* _What you have to do_:
Exactly as they appear, copy the lines from the start of the entries below to the line containing "Le consentement relatif", both ends included.

[Data records]
%%
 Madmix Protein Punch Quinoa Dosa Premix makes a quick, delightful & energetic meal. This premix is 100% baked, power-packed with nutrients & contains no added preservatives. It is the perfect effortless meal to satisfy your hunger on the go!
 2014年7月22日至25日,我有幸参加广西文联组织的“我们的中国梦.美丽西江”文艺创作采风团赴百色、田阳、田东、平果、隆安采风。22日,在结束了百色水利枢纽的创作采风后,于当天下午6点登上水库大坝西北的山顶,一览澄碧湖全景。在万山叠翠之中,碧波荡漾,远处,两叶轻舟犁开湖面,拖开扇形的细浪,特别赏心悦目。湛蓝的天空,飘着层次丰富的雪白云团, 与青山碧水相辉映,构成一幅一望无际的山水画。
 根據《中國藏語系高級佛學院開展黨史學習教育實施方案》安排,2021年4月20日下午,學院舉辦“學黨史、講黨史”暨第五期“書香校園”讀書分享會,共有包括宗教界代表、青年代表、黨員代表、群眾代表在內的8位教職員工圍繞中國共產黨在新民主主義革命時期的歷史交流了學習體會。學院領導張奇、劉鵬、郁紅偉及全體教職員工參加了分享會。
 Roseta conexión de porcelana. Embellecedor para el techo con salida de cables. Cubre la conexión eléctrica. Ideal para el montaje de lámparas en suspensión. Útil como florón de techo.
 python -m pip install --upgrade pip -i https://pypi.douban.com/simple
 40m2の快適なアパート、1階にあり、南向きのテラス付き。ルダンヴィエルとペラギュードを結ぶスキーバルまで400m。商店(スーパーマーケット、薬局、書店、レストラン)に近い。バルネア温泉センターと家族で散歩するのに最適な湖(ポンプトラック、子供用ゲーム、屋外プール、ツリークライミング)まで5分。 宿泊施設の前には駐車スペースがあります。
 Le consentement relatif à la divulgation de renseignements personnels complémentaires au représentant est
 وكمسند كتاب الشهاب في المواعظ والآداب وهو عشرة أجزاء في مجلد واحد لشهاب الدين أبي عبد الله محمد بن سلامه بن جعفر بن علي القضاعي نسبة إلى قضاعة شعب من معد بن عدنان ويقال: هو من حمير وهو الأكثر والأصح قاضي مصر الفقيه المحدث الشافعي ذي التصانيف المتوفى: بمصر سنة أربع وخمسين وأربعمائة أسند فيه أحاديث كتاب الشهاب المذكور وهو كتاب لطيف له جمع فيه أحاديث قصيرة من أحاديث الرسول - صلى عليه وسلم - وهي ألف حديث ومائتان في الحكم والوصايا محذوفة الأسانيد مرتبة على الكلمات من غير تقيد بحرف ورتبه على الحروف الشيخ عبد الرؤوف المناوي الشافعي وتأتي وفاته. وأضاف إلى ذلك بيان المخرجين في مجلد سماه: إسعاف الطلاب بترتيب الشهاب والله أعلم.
%%
* _Answer space_:
 Madmix Protein Punch Quinoa Dosa Premix makes a quick, delightful & energetic meal. This premix is 100% baked, power-packed with nutrients & contains no added preservatives. It is the perfect effortless meal to satisfy your hunger on the go!
 2014年7月22日至25日,我有幸参加广西文联组织的“我们的中国梦.美丽西江”文艺创作采风团赴百色、田阳、田东、平果、隆安采风。22日,在结束了百色水利枢纽的创作采风后,于当天下午6点登上水库大坝西北的山顶,一览澄碧湖全景。在万山叠翠之中,碧波荡漾,远处,两叶轻舟犁开湖面,拖开扇形的细浪,特别赏心悦目。湛蓝的天空,飘着层次丰富的雪白云团, 与青山碧水相辉映,构成一幅一望无际的山水画。
 根據《中國藏語系高級佛學院開展黨史學習教育實施方案》安排,2021年4月20日下午,學院舉辦“學黨史、講黨史”暨第五期“書香校園”讀書分享會,共有包括宗教界代表、青年代表、黨員代表、群眾代表在內的8位教職員工圍繞中國共產黨在新民主主義革命時期的歷史交流了學習體會。學院領導張奇、劉鵬、郁紅偉及全體教職員工參加了分享會。
 Roseta conexión de porcelana. Embellecedor para el techo con salida de cables. Cubre la conexión eléctrica. Ideal para el montaje de lámparas en suspensión. Útil como florón de techo.
 python -m pip install --upgrade pip -i https://pypi.douban.com/simple
 40m2の快適なアパート、1階にあり、南向きのテラス付き。ルダンヴィエルとペラギュードを結ぶスキーバルまで400m。商店(スーパーマーケット、薬局、書店、レストラン)に近い。バルネア温泉センターと家族で散歩するのに最適な湖(ポンプトラック、子供用ゲーム、屋外プール、ツリークライミング)まで5分。 宿泊施設の前には駐車スペースがあります。
 Le consentement relatif à la divulgation de renseignements personnels complémentaires au représentant est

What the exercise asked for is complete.